» ACTION ITEM
Exact copy, no pictures: set down the lines from the one holding "4.整合規劃幼兒鄉土語言課程" through the final line of the records below.

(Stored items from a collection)
[Start of section]

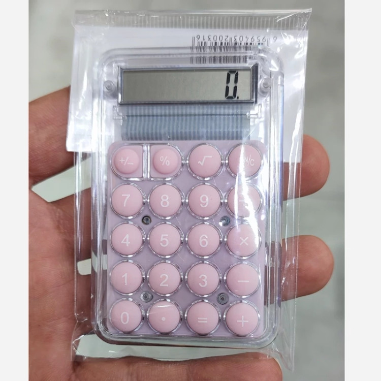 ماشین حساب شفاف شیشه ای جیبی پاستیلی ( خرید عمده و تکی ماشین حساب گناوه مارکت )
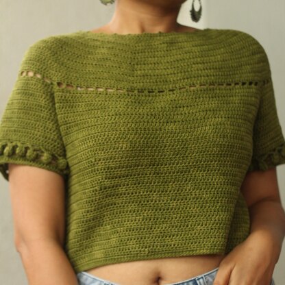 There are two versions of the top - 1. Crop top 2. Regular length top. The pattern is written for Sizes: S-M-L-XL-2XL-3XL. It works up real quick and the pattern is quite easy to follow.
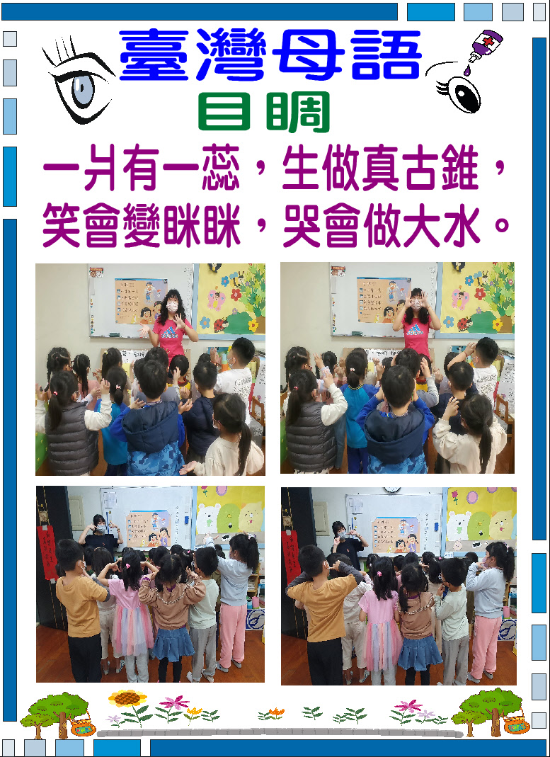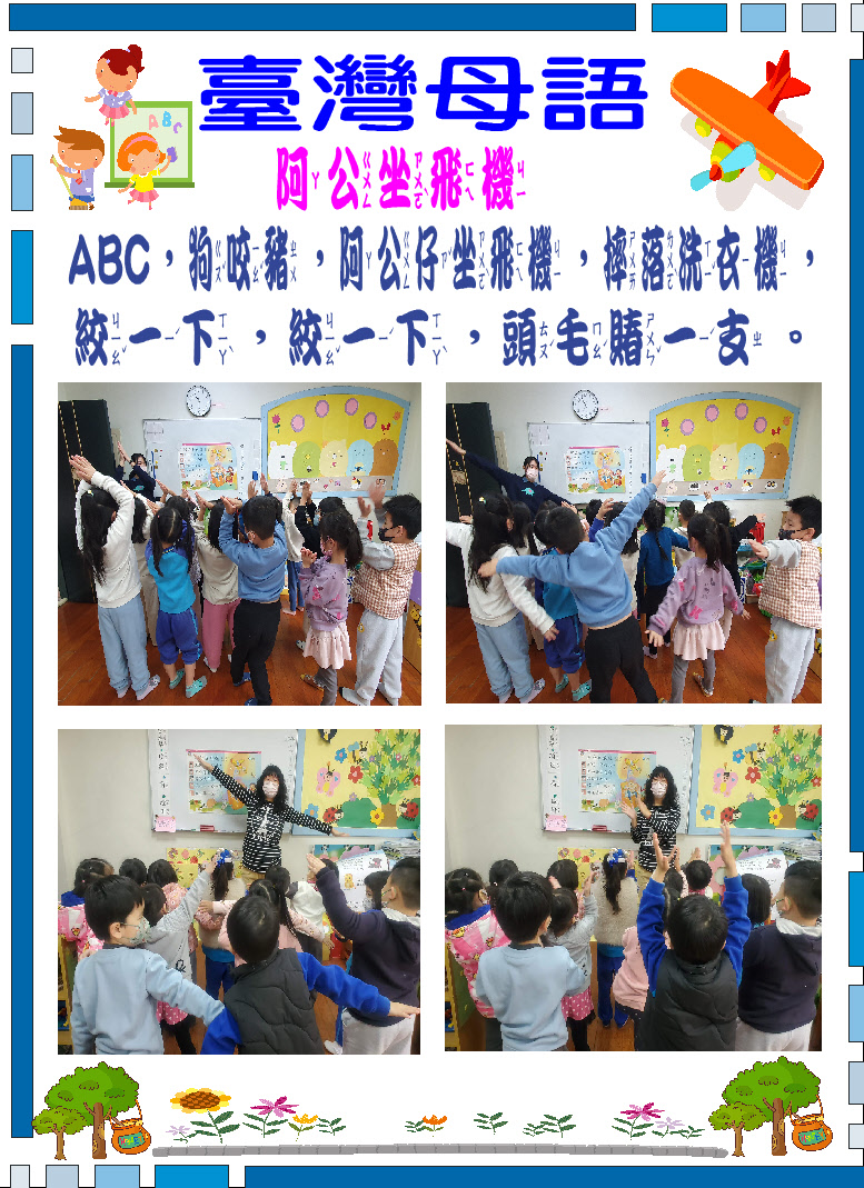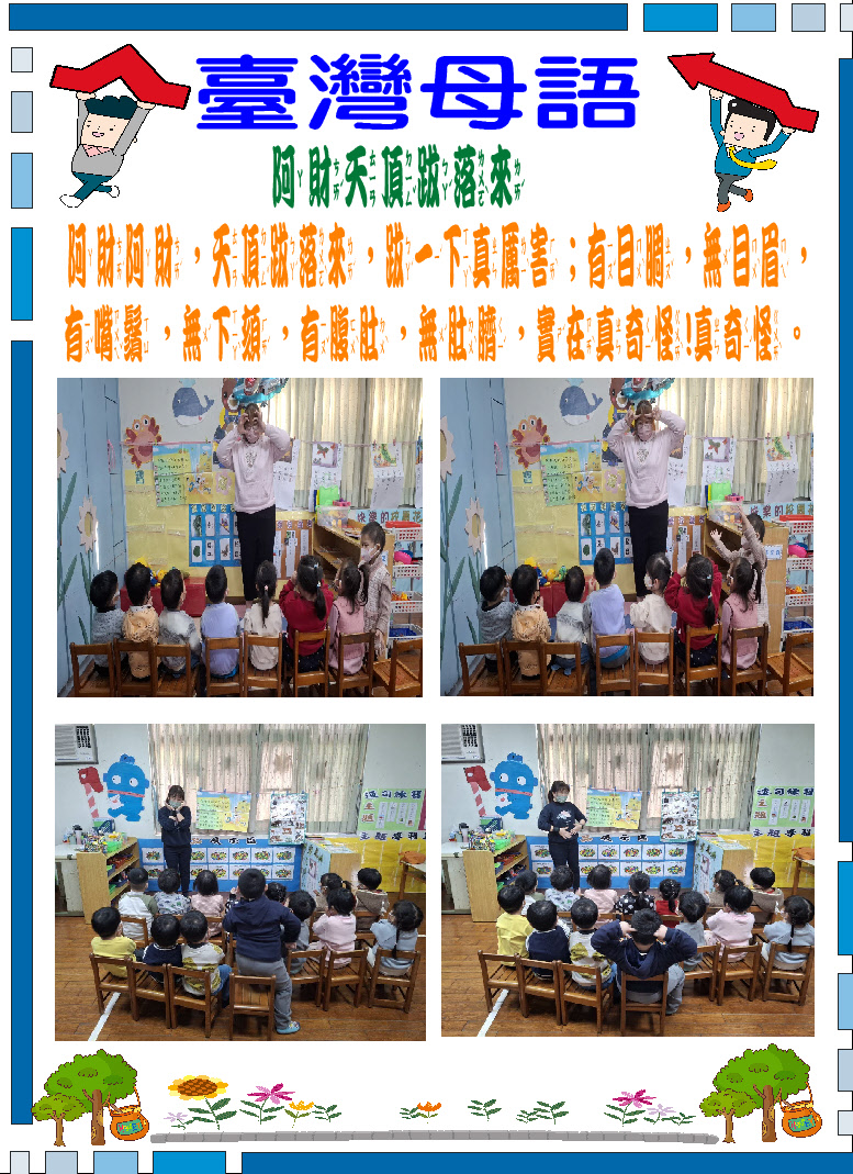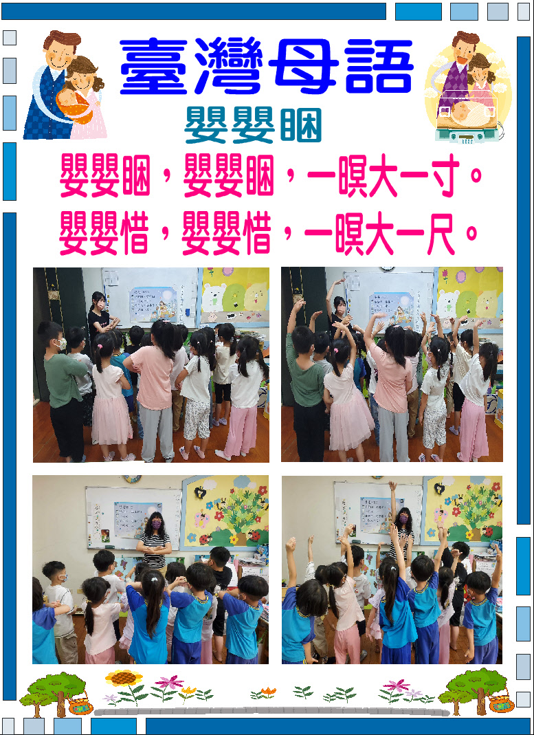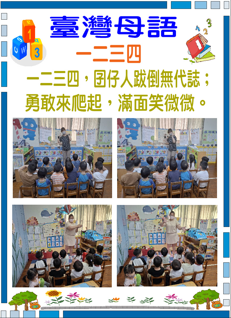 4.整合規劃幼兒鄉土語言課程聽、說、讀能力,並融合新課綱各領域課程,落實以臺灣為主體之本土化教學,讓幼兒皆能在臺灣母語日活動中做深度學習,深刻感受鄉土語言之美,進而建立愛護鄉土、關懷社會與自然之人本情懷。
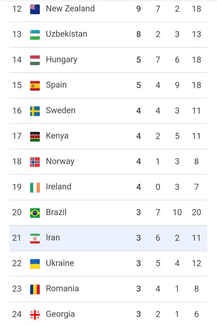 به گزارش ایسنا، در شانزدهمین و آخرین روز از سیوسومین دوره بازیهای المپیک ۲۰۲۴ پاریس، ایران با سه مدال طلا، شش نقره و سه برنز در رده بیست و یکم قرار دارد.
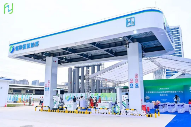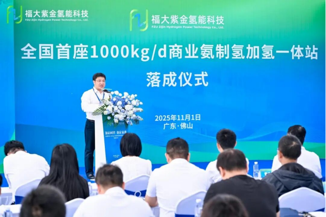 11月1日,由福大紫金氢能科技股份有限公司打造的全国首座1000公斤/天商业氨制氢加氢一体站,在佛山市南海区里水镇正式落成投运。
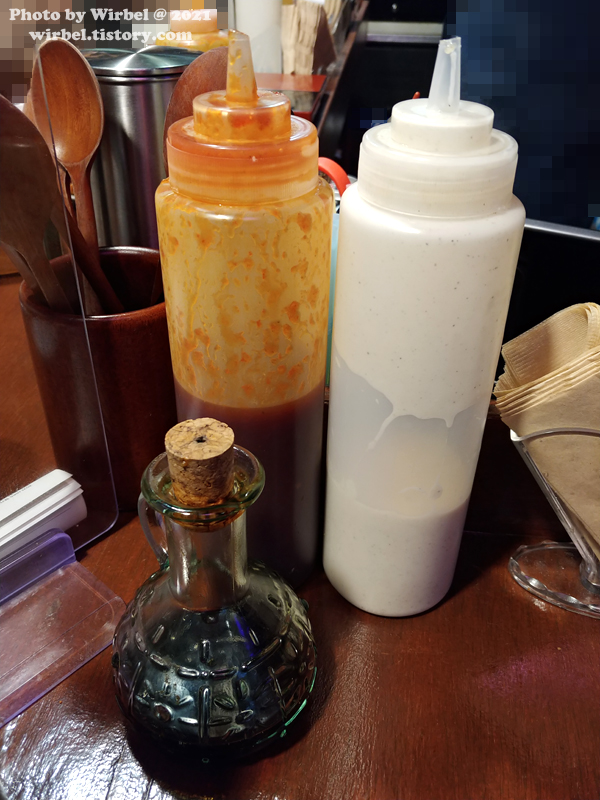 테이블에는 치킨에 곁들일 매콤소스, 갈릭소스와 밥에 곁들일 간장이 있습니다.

[End of section]

» TASK SOLUTION
 4.整合規劃幼兒鄉土語言課程聽、說、讀能力,並融合新課綱各領域課程,落實以臺灣為主體之本土化教學,讓幼兒皆能在臺灣母語日活動中做深度學習,深刻感受鄉土語言之美,進而建立愛護鄉土、關懷社會與自然之人本情懷。
 به گزارش ایسنا، در شانزدهمین و آخرین روز از سیوسومین دوره بازیهای المپیک ۲۰۲۴ پاریس، ایران با سه مدال طلا، شش نقره و سه برنز در رده بیست و یکم قرار دارد.
 11月1日,由福大紫金氢能科技股份有限公司打造的全国首座1000公斤/天商业氨制氢加氢一体站,在佛山市南海区里水镇正式落成投运。
 테이블에는 치킨에 곁들일 매콤소스, 갈릭소스와 밥에 곁들일 간장이 있습니다.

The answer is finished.